Весной 1862 года по совету врачей Толстой уехал на несколько недель отдохнуть и полечиться кумысом в Самарскую губернию. В Ясной Поляне осталась тетенька Татьяна Александровна с Марией Николаевной, которая гостила здесь со своими детьми. Вдруг в полночь со звоном и треском подкатили к дому тройки — нагрянула полиция. Жандармский полковник потребовал ключи, открыл все ящики письменного стола и стал читать дневники, бумаги Льва Николаевича. В доме и в школе все перерыли, даже в конюшне взломали полы; закидывали сети в пруд — искали тайную типографию. А в это время, воспользовавшись суматохой, дворовая девушка, горничная тетеньки, схватила со стола портфель и спрятала его в канаве, в саду. В портфеле были «преступные» бумаги: листы герценовского «Колокола» и его портрет. Не найдя ничего в Ясной Поляне, полицейские поехали по другим школам, там тоже все перерыли и тоже ничего не нашли.
Толстой был возмущен. «Какое огромное счастье, что меня не было дома! — говорил он. — Ежели бы я был, то теперь, наверное бы, уже судился как убийца». И в комнате у себя он долго еще держал заряженный пистолет, так как жандармский полковник, уезжая, пригрозил новым обыском.

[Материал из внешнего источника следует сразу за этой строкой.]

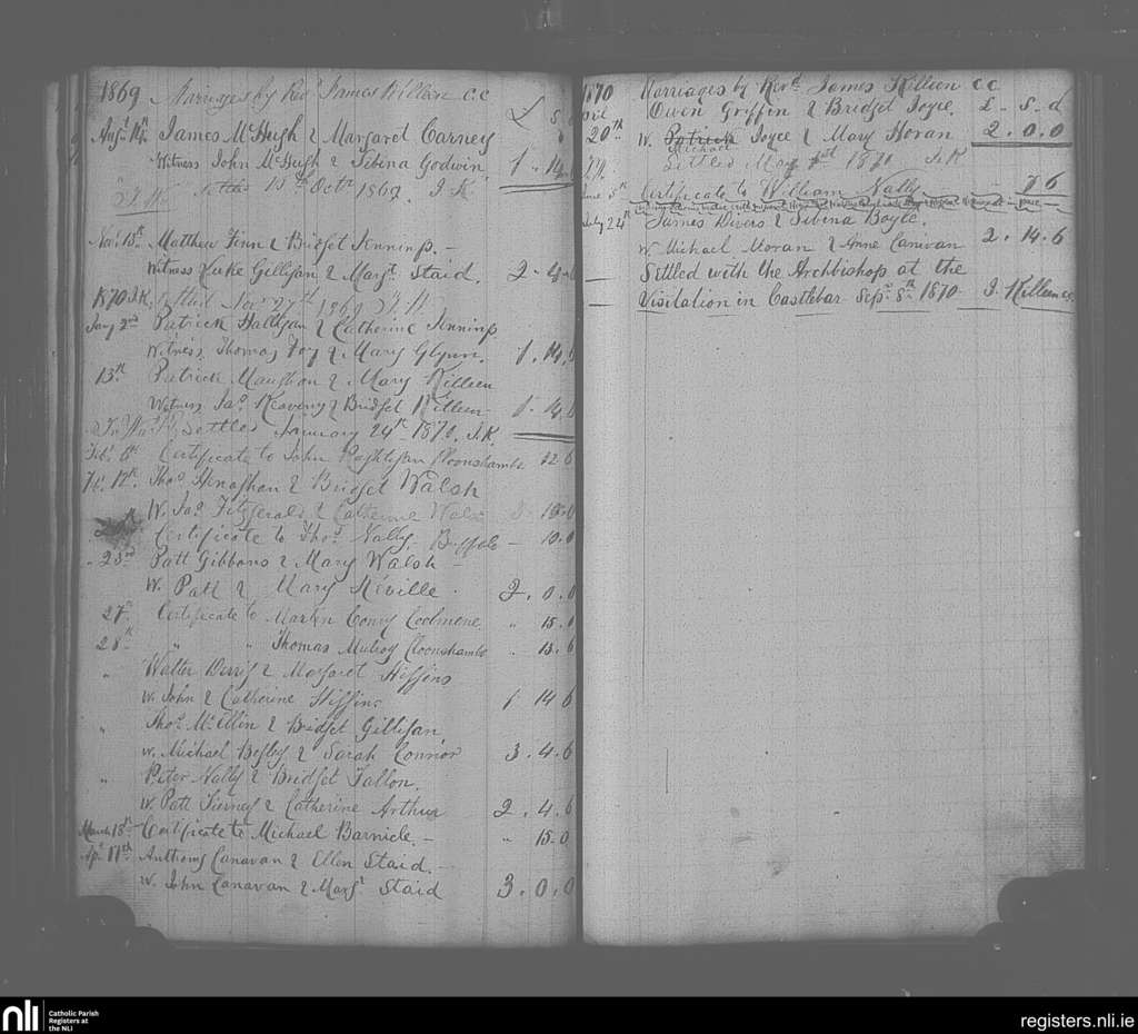 Mayo Abbey; County of Mayo; Archdiocese of Tuam. Marriages, Aug. 1869 to July 1870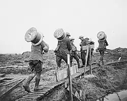 The flooded country round Nieuport meant heavy work for the divisional RE, involving maintenance of floating bridges, dams and telephone lines that were frequently broken by shellfire: 428th and 429th Fd Cos each had more than 30 bridges in their charge. 427th Field Co had the job of managing infantry working parties repairing 'Bath Dam' (Dam 66), which controlled the flow of the River Yser. The field companies also built concrete machine gun posts and observation posts, and constructed an Aerial ropeway across the river. On 19 November the division was relieved, and it made a five-day overland march to the La Bassée sector.[20][21][47][48]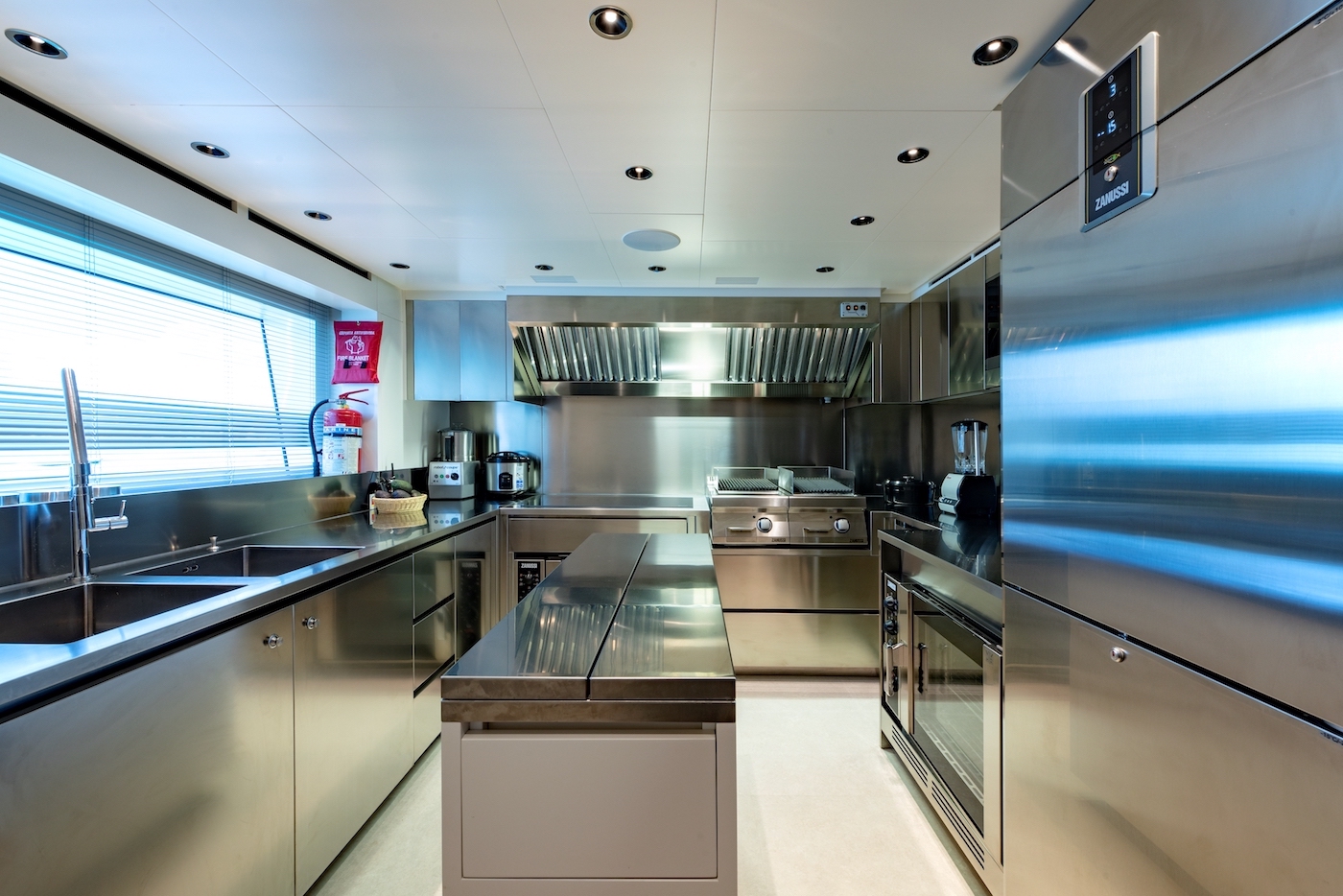 On the main deck, the Master suite is placed forward, followed by the galley, pantry and main foyer into the combined formal dining area and main salon to the aft.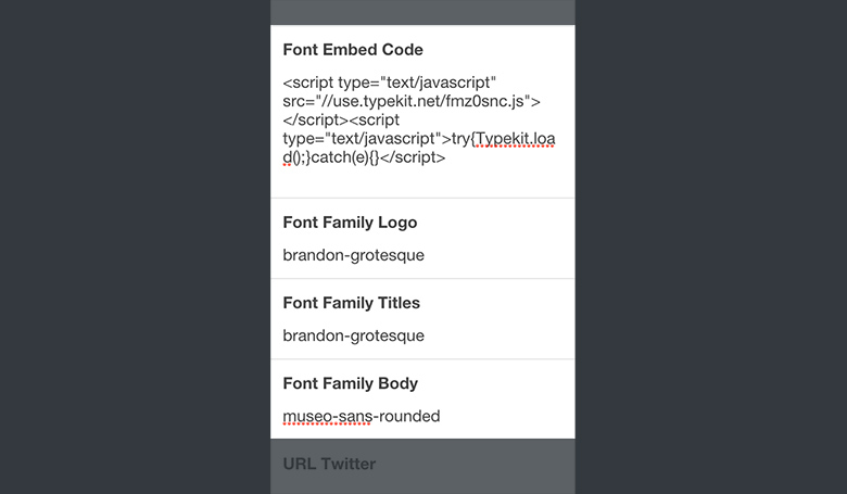 They’re pretty self-explanatory – paste in the embed code provided by your font service (remember to make sure you’ve set it up to allow your blog domain and fonts), then you can add the font name for the Body font, Logo font, and Titles fonts (includes Quote and Link post types).

Толстому в это время было тридцать четыре года; он мало походил на того молодого офицера в шинели с бобровым воротником, который всего семь лет назад входил первый раз в редакцию журнала «Современник». Он, казалось, стал выше, плотнее, глаза смотрели спокойнее, тверже. Давно прошло светлое детство, трудное отрочество, беспокойная юность, военная и боевая жизнь на Кавказе и в Севастополе, первые радости и удачи писательства. И вот теперь он страстно увлечен педагогической работой, школой.
Но последнее время он все чаще оставлял школу на своих помощников и уезжал в Москву. Его привлекала туда семья известного врача Берса, с которой давно знакомы были Толстые. Всё нравилось ему в этой большой и дружной семье, и особенно нравилась средняя дочь, Соня. Толстой давно думал о женитьбе, о семейной жизни, о том, что будет со своей семьей жить в Ясной Поляне. Ему казалось, что в Соне Берс он нашел всё, о чем мечтал. И вот однажды произошло между ними то поэтическое, прелестное объяснение, которое позднее описал он в романе «Анна Каренина».
Было лето. Берсы гостили в имении своего деда, недалеко от Ясной Поляны. Приехал сюда и Лев Николаевич. Как-то вечером, когда разошлись гости, он попросил Соню остаться и мелом написал на столе первые буквы тех слов, которые сказали ей, что он любит ее, а не ее старшую сестру, как это думали в семье. Оба были взволнованны и серьезны — оба понимали, что в их жизни происходит что-то значительное и решительное.
Через несколько недель состоялась свадьба Софьи Андреевны Берс и Льва Николаевича Толстого. Софье Андреевне тогда было всего восемнадцать лет.
Тотчас после венчанья молодые уехали в Ясную Поляну. Ехали в карете, запряженной шестеркой лошадей. Был свежий осенний вечер, шел дождь. Через день приехали в Ясную Поляну, где встретили их тетенька Татьяна Александровна, брат Сергей, учителя яснополянской школы и вся дворня. Началась новая жизнь. Вскоре после женитьбы Лев Николаевич писал Фету: «Фетушка, дяденька и просто милый друг Афанасий Афанасьевич! Я две недели женат и счастлив, и новый, совсем новый человек...»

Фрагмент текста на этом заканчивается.